A touchdown PCR was performed for all samples to avoid co-amplification of host DNA. This used 10 μl of Phusion 2 × master mix, 1 μl (5 μM) of each specific primer, 8 μl of sterile nuclease-free water, and 1 μl of DNA (around 10 ng/μL). Touch-down PCR was set up as follows: initial denaturation step at 98 °C for 30 s followed by 12 cycles (1 °C decrease of annealing temperature per cycle) of 62 °C, 10 s; and 72 °C for 45 s. After the initial touchdown PCR cycles, an additional 21 cycles were run at 98 °C for 15 s (denaturation), 56 °C for 30 s (annealing) and 72 °C for 30 s (extension), and a final extension of 72 °C for 10 min. Amplification of each sample was performed in triplicate and combined to a final volume of 75 μL. The PCR products were analyzed by electrophoresis in 1.5% (w/v) agarose gels. Library preparations and Illumina sequencing using 2 × 300 bp v2 chemistry were performed by Molecular Medicine Finland Institute (FIMM, University of Helsinki: www.fimm.fi). One extraction blank was prepared and sequenced together with the samples to assess the degree of background microbial contamination.
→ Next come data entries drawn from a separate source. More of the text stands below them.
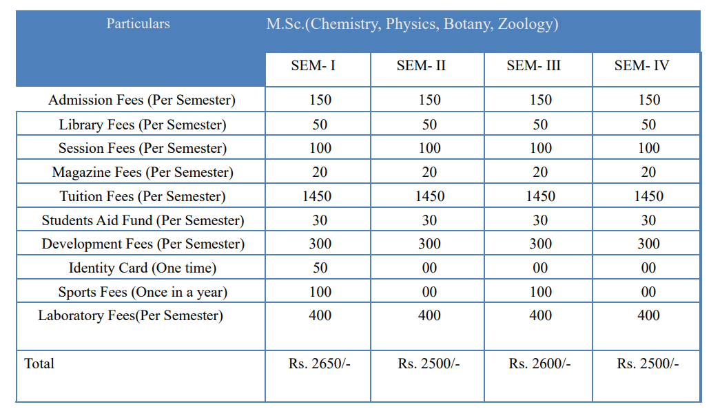 | Semester Wise Fees | ₹2250 | ₹2100 | ₹2200 | ₹2100 |
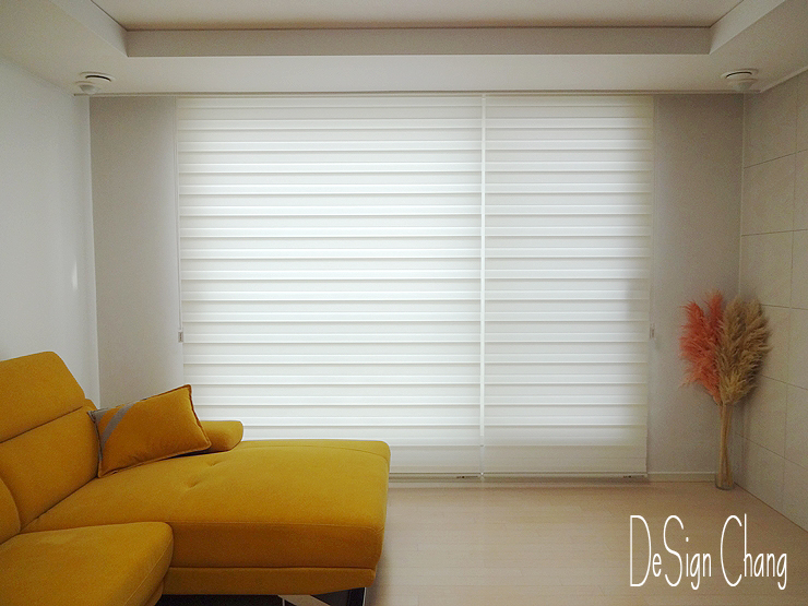 깔끔함을 장점으로 예쁜 거실블라인드를 설치하였답니다.
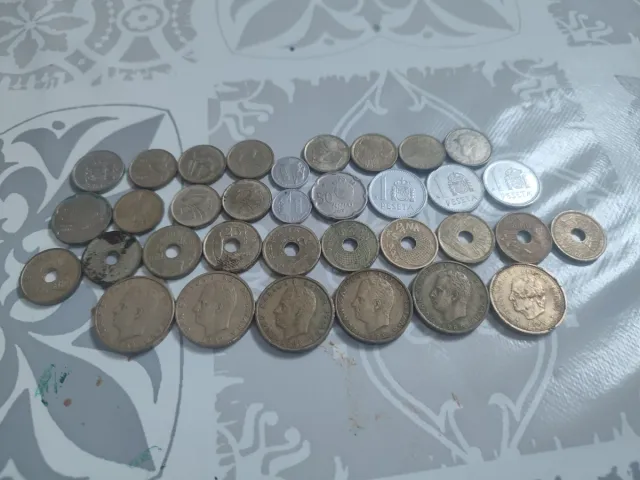 Detalles del productopesetas monedas antiguas variadas de colección con diseños diversos.
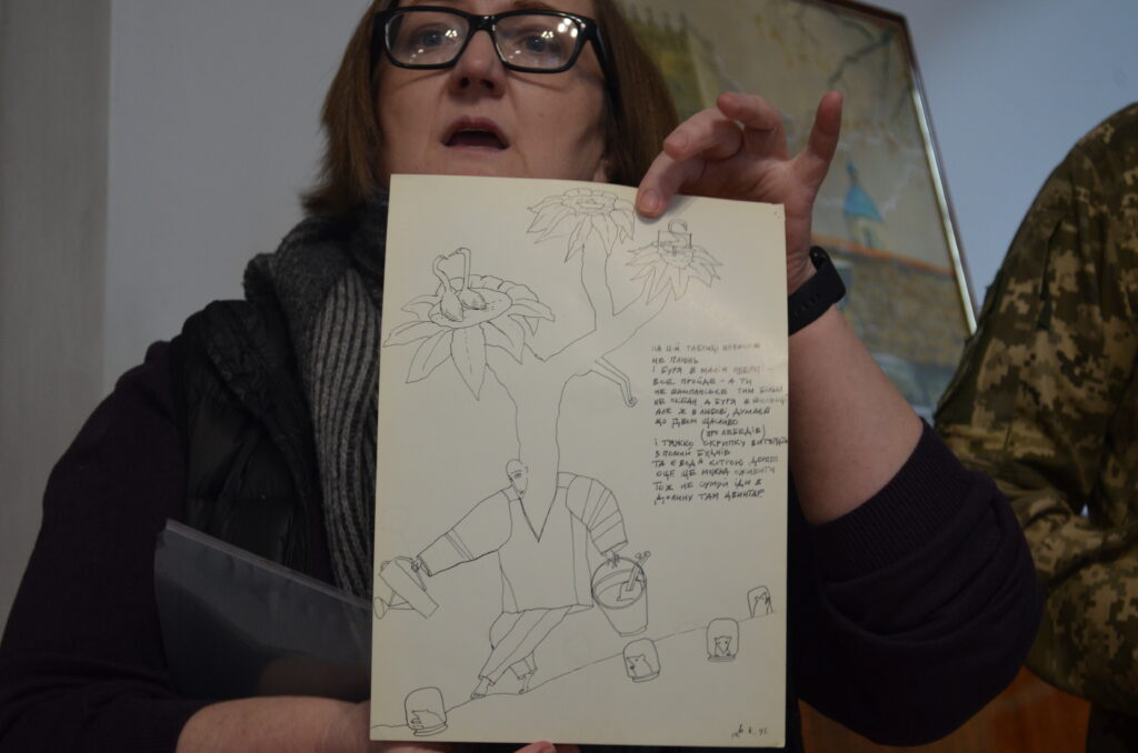 Працівниця бібліотеки Віра Кумановська, дружина автора ілюстрацій до декількох книжок Володимира Данилюка у виконанні незабутнього художника Миколи Кумановського, вручила одну з його автентичних графічних робіт.
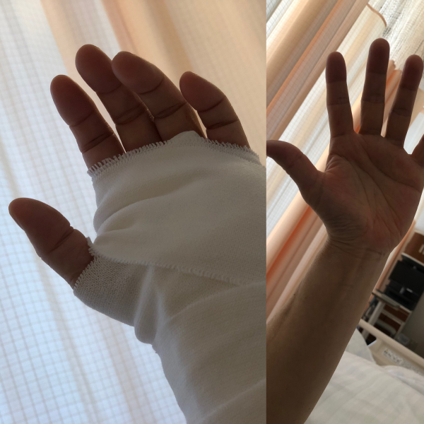 左手だけですよね? 痛いということは神経が通ってるってことで・・・ヒィー(>ω<ノ)ノ お大事に!
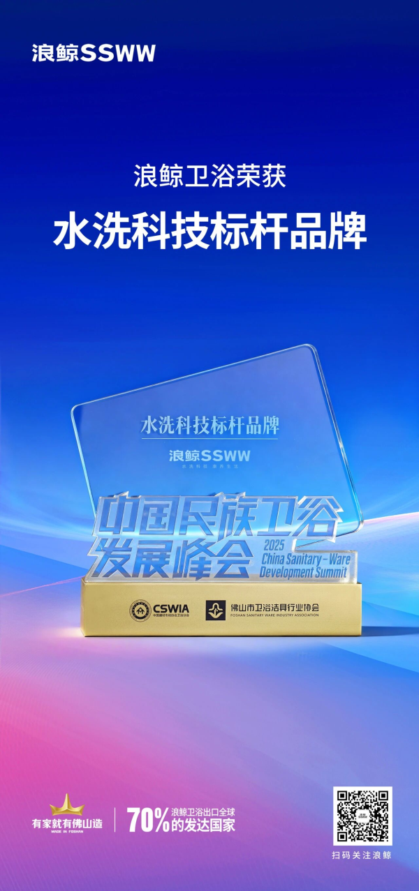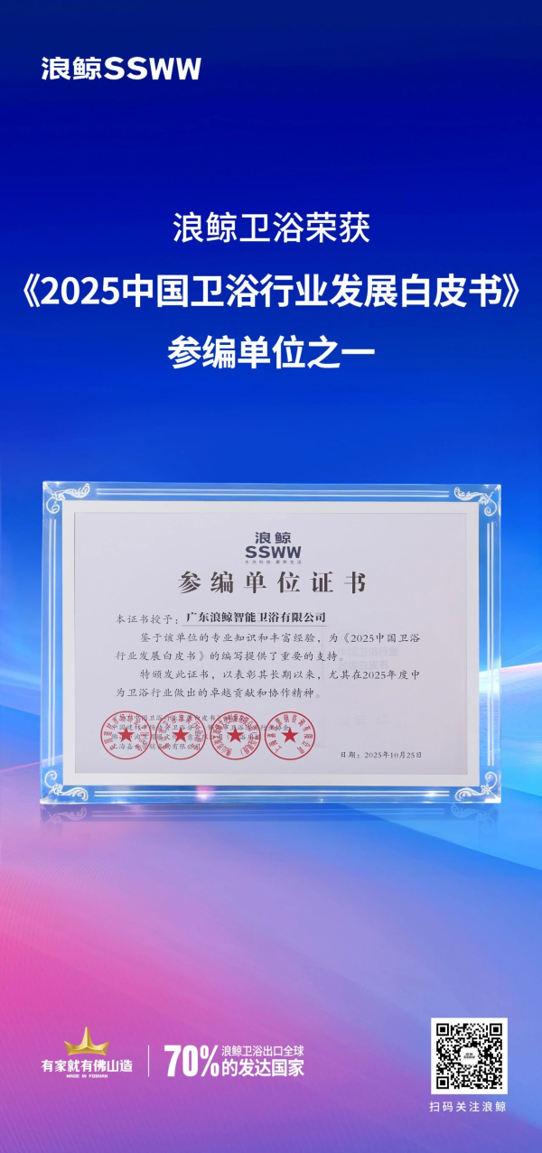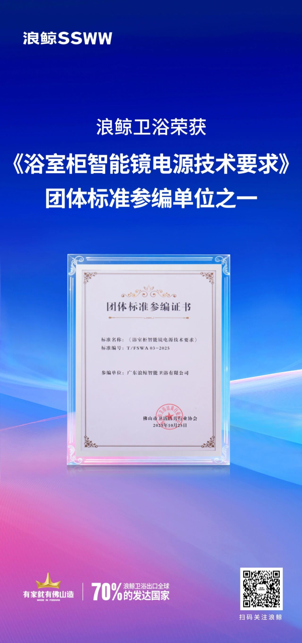 10月25日,2025中國民族衛浴發展峰會在廣東佛山盛大召開。會上,浪鯨衛浴憑借卓越的品牌實力榮獲“水洗科技標桿品牌”,并以行業專業知識和經驗成為《2025中國衛浴行業發展白皮書》及《浴室柜智能鏡電源技術要求》團體標準參編單位之一。

In addition, a mock community (ZymoBIOMICS Microbial Community DNA Standard, Zymo Research) was amplified and sequenced.
Sequence data processing
Sequencing data were analyzed using Mothur (v.1.40.2, www.mothur.org) according to the Mothur Illumina Miseq standard operating procedure (SOP) [68]. Briefly, after forming contigs, primers were trimmed using PRINSEQ [69] in chipster [26, 27]. The PRINSEQ trimmed sequences were used for the first ‘screen.seqs’ command in Mothur to remove ambiguous sequences and sequences containing homopolymers longer than 6 bp. In addition, any sequences longer than 300 bp were removed. Unique reads (‘unique.seqs’) were aligned (‘align.seqs’) using the Silva bacterial database ‘silva.nr_v138.align’ with flip parameter set to true. Any sequences outside the expected alignment coordinates were removed. The correctly aligned sequences were subsequently filtered (‘filter.- seqs’) with ‘vertical = T’ and ‘trump = ’. The filtered sequences were de-noised by allowing three mismatches in the “pre.clustering” step and chimaeras were removed using Uchime with the dereplicate option set to ‘true’. The chimaera-free sequences were classified using the Silva reference database ‘silva.nr_v138.align’ and the Silva taxonomy database ‘silva.nr_v138.tax’ and a cut-off value of 80%. Contigs were clustered into operational taxonomic units (OTUs) using mothur, based on 97% sequence similarity. Chloroplast, mitochondria, unknown, and eukaryota sequences were removed. Furthermore, Pseudomonas, Halomonas, and Shewanella displayed a considerable abundance in negative controls, exceeding a count of 50,000 sequences, and were subsequently removed from the analysis. The presence of such OTUs at high frequencies in negative samples with notably low DNA concentrations, gives rise to concerns about their authenticity and potential as contaminants, warranting their exclusion from the samples [12]. These genera have commonly been recognized as prevalent contaminants in microbial studies [33, 35, 42, 50].
Statistical analysis
To analyze alpha diversity, sequences were rarefied utilizing the 'phyloseq::rarefy_even_depth' function implemented in the ‘phyloseq’ R package [48]. Shannon index (α-diversity) was then computed and plotted using the 'microbiome::alpha()' function of the 'microbiome' R package [38]. Shannon diversity is a measure that considers both richness (the number of different species or operational taxonomic units—OTUs) and evenness (the distribution of abundance among those species) of species within a community. Differences in α-diversity between the treatments were analyzed using linear mixed effects model with the 'lmer' function in the lme4 package [5]. Sample source (tank biofilm/fish gut), fish population (Isojoki, Lestijoki, Ingarskilanjoki), and rearing treatment (enriched/standard) were treated as fixed categorical factors and tank ID as a random effect. To analyze pairwise differences between the factors, Tukey's Honest Significant Difference (HSD) tests were conducted using the emmeans package [41].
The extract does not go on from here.